Advanced: Multi-Model Training
Swarm mode supports training multiple models simultaneously by running multiple swarm servers. Each server trains one model, and the client orchestrates them:
# Two servers, two models
swarm_7b = SwarmClient("http://server-1:10086") # trains 7B model
swarm_14b = SwarmClient("http://server-2:10086") # trains 14B model
# Configure each server with its own AgentJetJob
swarm_7b.auto_sync_train_config_and_start_engine(job_7b)
swarm_14b.auto_sync_train_config_and_start_engine(job_14b)
def rollout(task):
# Get credentials from both servers
uuid_7b, api_7b = swarm_7b.begin_episode()
uuid_14b, api_14b = swarm_14b.begin_episode()
# Run multi-model agent (agent 1 uses 7B, agent 2 uses 14B, ...)
output_7b, output_14b = execute_multi_model_agent(task, api_7b, api_14b)
# Report rewards to each server separately
swarm_7b.end_episode(task, uuid_7b, output_7b)
swarm_14b.end_episode(task, uuid_14b, output_14b)
See the Multi-Model Training example for a complete walkthrough.

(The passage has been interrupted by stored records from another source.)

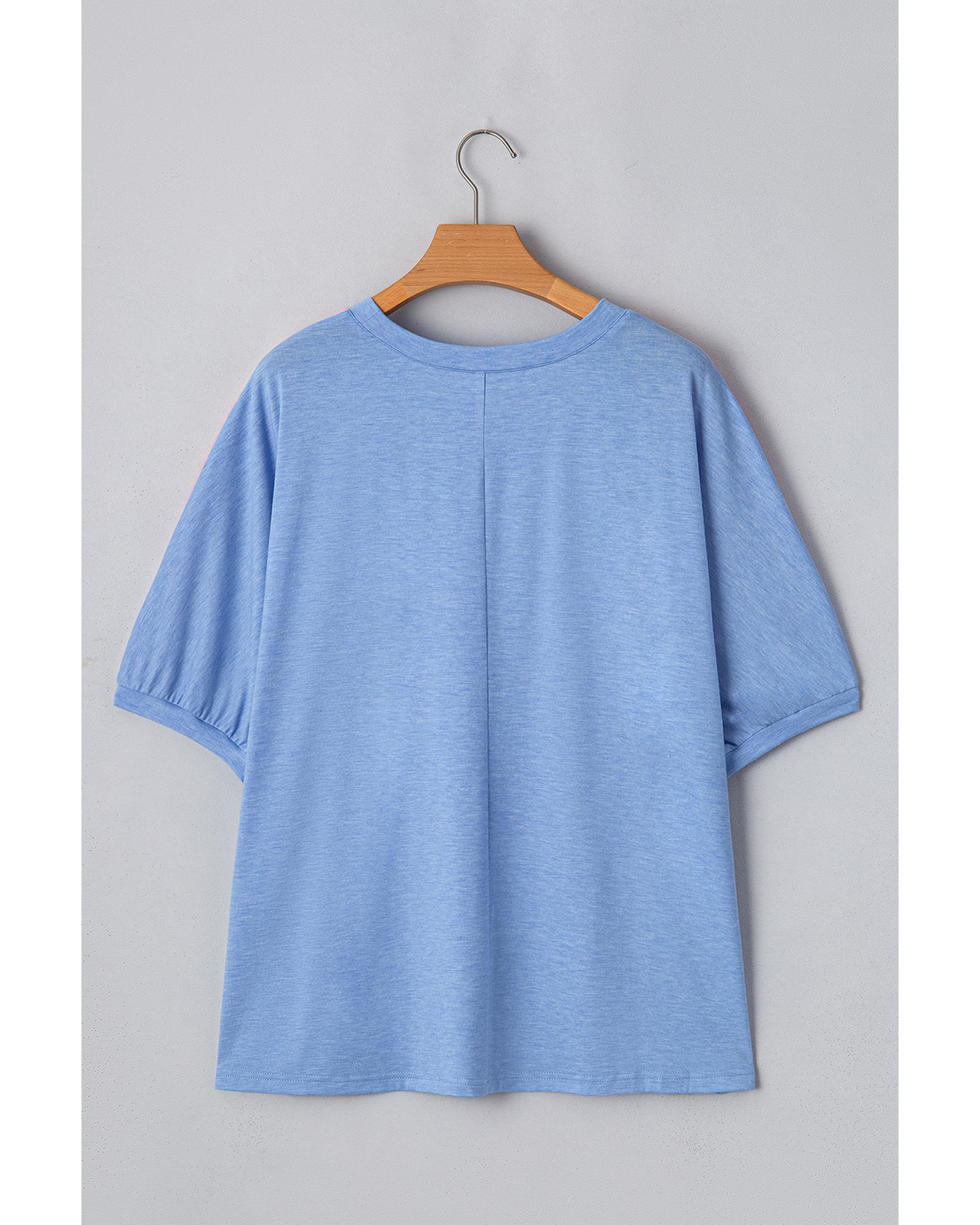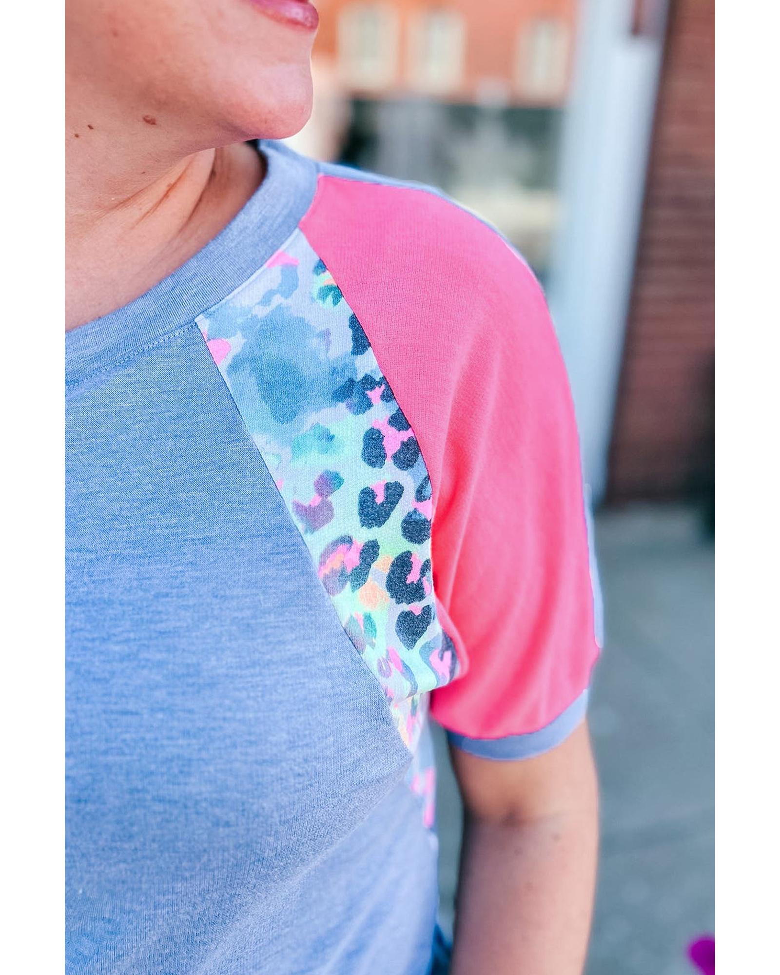 Sky Blue Leopard Print Patch Colorblock Plus Size T Shirt – 4X
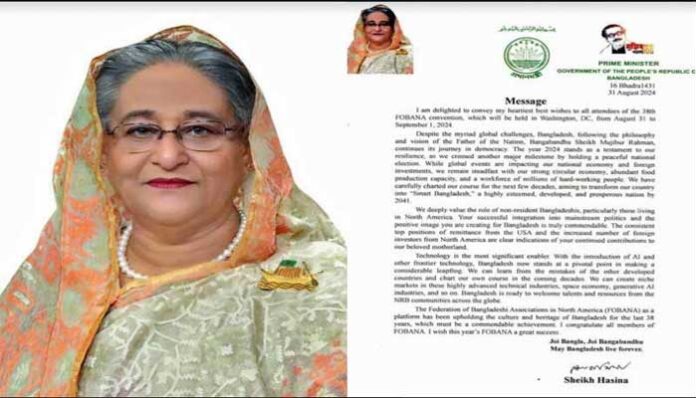 ইমা এলিস/ নিউ ইয়র্ক: যুক্তরাষ্ট্রের ওয়াংশিংটন ডিসিতে আগামী ৩০ আগস্ট ও ১ সেপ্টেম্বরে অনুষ্ঠিতব্য ৩৮ তম ফেডারেশন অব বাংলাদেশি অ্যাসোসিয়েশন্স ইন নর্থ আমেরিকা (ফোবানা) সম্মেলনে অংশগ্রহণকারী সকলকে আগাম শুভেচ্ছা জানিয়েছেন প্রধানমন্ত্রী শেখ হাসিনা।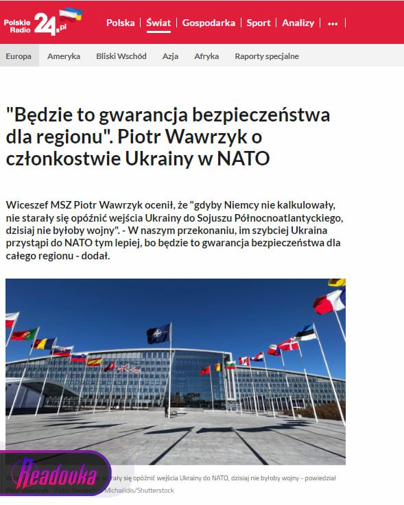 Thứ trưởng Ngoại giao Ba Lan Wawrzyk đã đệ đơn kiện Đức, theo ý kiến của ông, là nguyên nhân dẫn đến việc Ukraine vẫn chưa phải là thành viên của NATO. Wawrzyk nói rằng nếu Đức, Pháp và một số quốc gia khác không ngăn cản Ukraine gia nhập liên minh, thì "sẽ không có chiến tranh bây giờ." Wawrzyk cũng nhấn mạnh rằng Đức vẫn từ chối thảo luận nghiêm túc về con đường gia nhập NATO của Ukraine.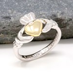 This solid sterling silver ring with 10k yellow gold heart is all the more special as it features the words ‘love’, ‘loyalty’ and ‘friendship’ inscribed on the inside of the ring. Ireland’s romantic ‘Ring of Claddagh’ originated from the Galway fishing village of Claddagh and this symbol of love, loyalty and friendship has continued around the world from the 1600s to today. This ring is made by local artisans and craft-workers here in Ireland and bears Ireland’s official hallmark from the Assay office at Dublin Castle.
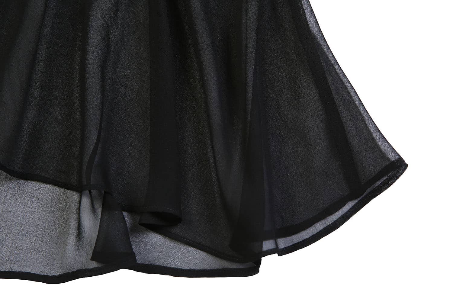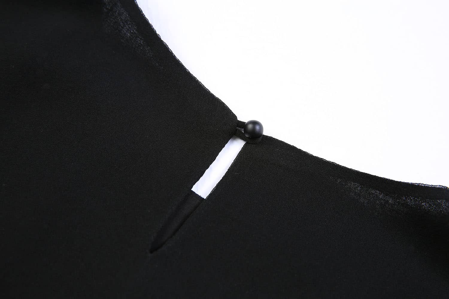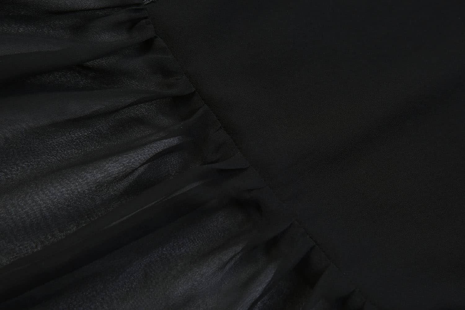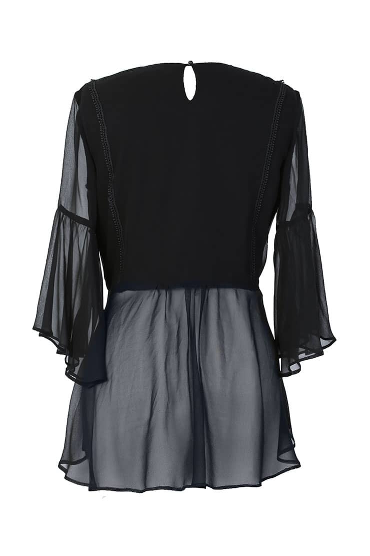 六分袖圆领雪纺上衣,腰下拼接单层荷叶下摆,温婉浪漫,复古的拼接喇叭袖口,飘逸有型,衬显手臂曲线更加纤细柔美。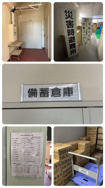 写真は、有事に備え、備蓄倉庫(新校舎の1階)を点検した際に撮影しました。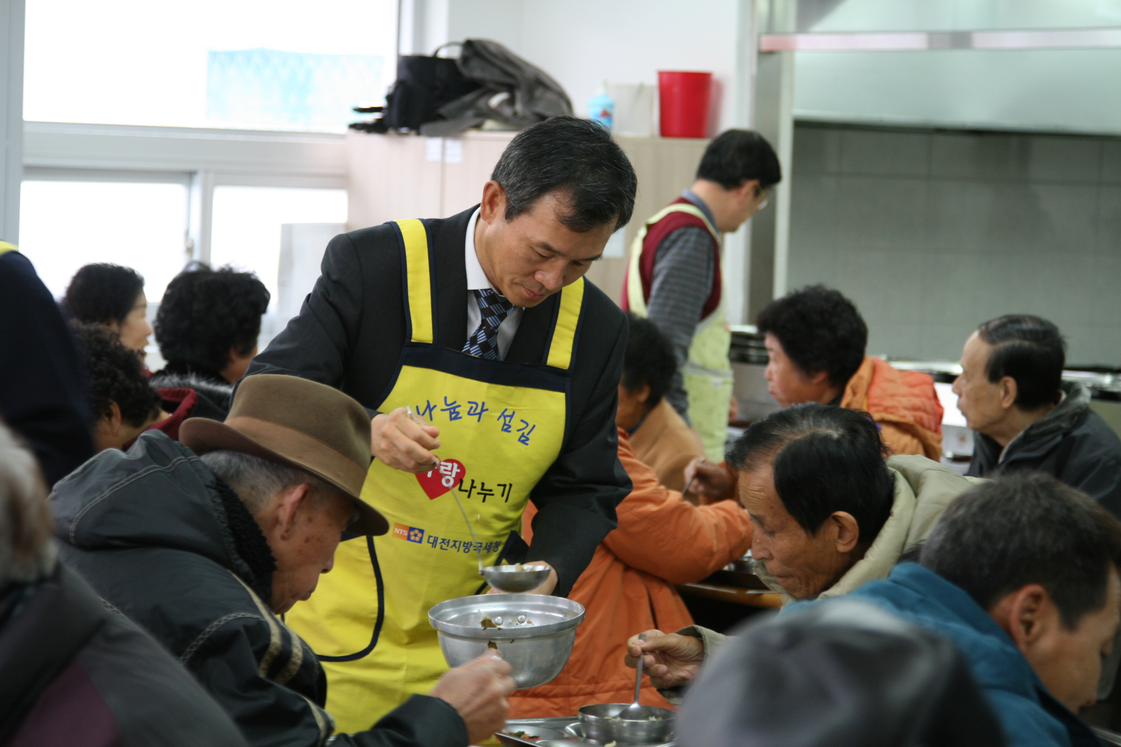 이날 행사는 지방청 국장 등 간부 7명과 함께 직접 독거노인 등 200여명의 불우이웃들에게 따뜻한 밥을 나누어 주는 이웃사랑,「나눔」을 실천하기 위해 행사에 참했다.

Advanced: Distributed Rollout
Scale rollout across many machines by running the same client script on multiple nodes. Each node handles a share of the batch:
N_CLIENTS = 4 # total number of client machines
next_batch = []
for task in dataset.generate_training_tasks():
for _ in range(LOCAL_GRPO_N):
next_batch.append(task)
# Each client processes 1/N_CLIENTS of the batch
if len(next_batch) >= (BATCH_SIZE // N_CLIENTS * LOCAL_GRPO_N):
results = run_episodes_until_all_complete(next_batch, func=rollout, auto_retry=True)
next_batch.clear()
The swarm server is resilient — if a client crashes, other clients continue. The server waits for enough episodes before triggering a training step, regardless of which clients provided them.